Nothing but the text belongs in the answer: the listing below, copied exactly, without pictures.

#### Raw data

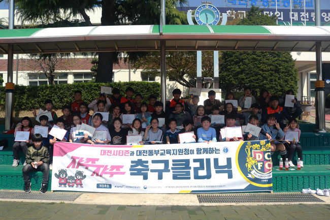 대전동부교육지원청과 협업을 통해, 동부 관내 교육복지사업 학교를 대상으로 실시하는 ‘자주자주 축구클리닉’은 올해로 4년째를 맞이하고 있다. 축구를 통해 어린이와 청소년의 건전한 신체활동을 장려하고, 협동심과 단결성 배양을 위해 기획된 ‘자주자주 축구클리닉’은 4월부터 10월까지 약 20개 학교에서 실시될 예정이다.
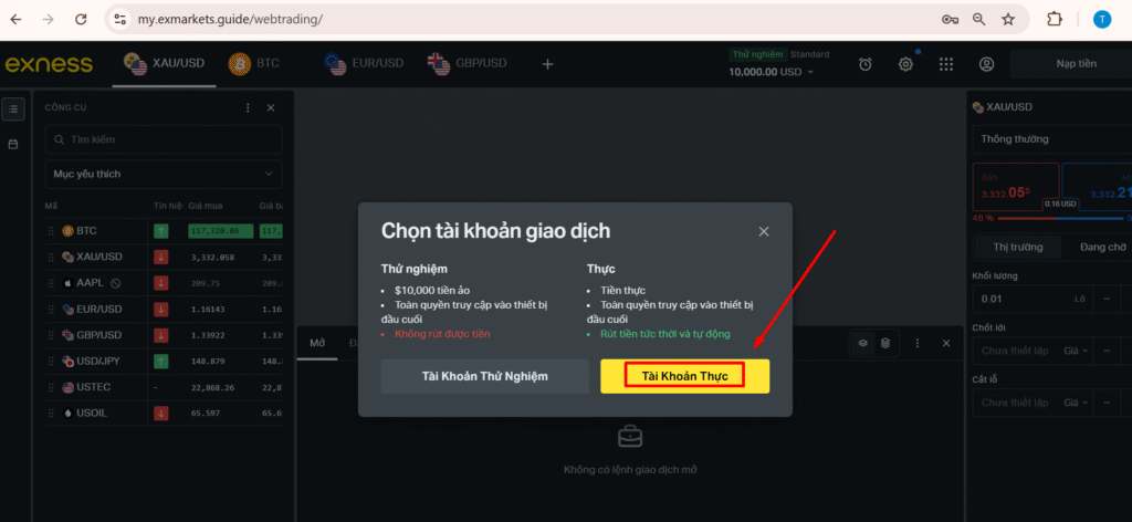 Ngay sau đó, bạn sẽ được chuyển tới giao diện webtrading. Tại đây, hãy nhấn vào mục “Tài khoản thực” để tiếp tục quá trình mở tài khoản.
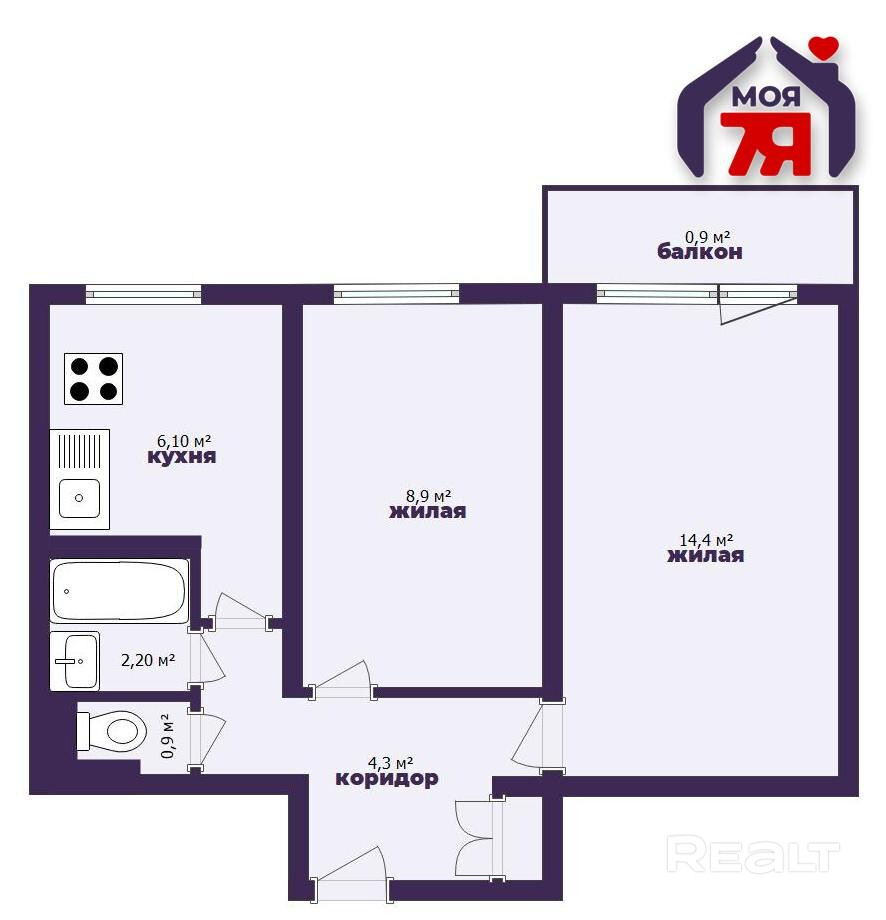 - Планировка удобная и функциональная. Просторная жилая комната 14,4 м2 станет местом, где вся семья собирается вечерами - для отдыха, просмотра фильмов или встреч с друзьями. Вторая комната - 8,9 м2 - идеально подойдёт под спальню, детскую или кабинет для работы.

########

- Result:
 대전동부교육지원청과 협업을 통해, 동부 관내 교육복지사업 학교를 대상으로 실시하는 ‘자주자주 축구클리닉’은 올해로 4년째를 맞이하고 있다. 축구를 통해 어린이와 청소년의 건전한 신체활동을 장려하고, 협동심과 단결성 배양을 위해 기획된 ‘자주자주 축구클리닉’은 4월부터 10월까지 약 20개 학교에서 실시될 예정이다.
 Ngay sau đó, bạn sẽ được chuyển tới giao diện webtrading. Tại đây, hãy nhấn vào mục “Tài khoản thực” để tiếp tục quá trình mở tài khoản.
 - Планировка удобная и функциональная. Просторная жилая комната 14,4 м2 станет местом, где вся семья собирается вечерами - для отдыха, просмотра фильмов или встреч с друзьями. Вторая комната - 8,9 м2 - идеально подойдёт под спальню, детскую или кабинет для работы.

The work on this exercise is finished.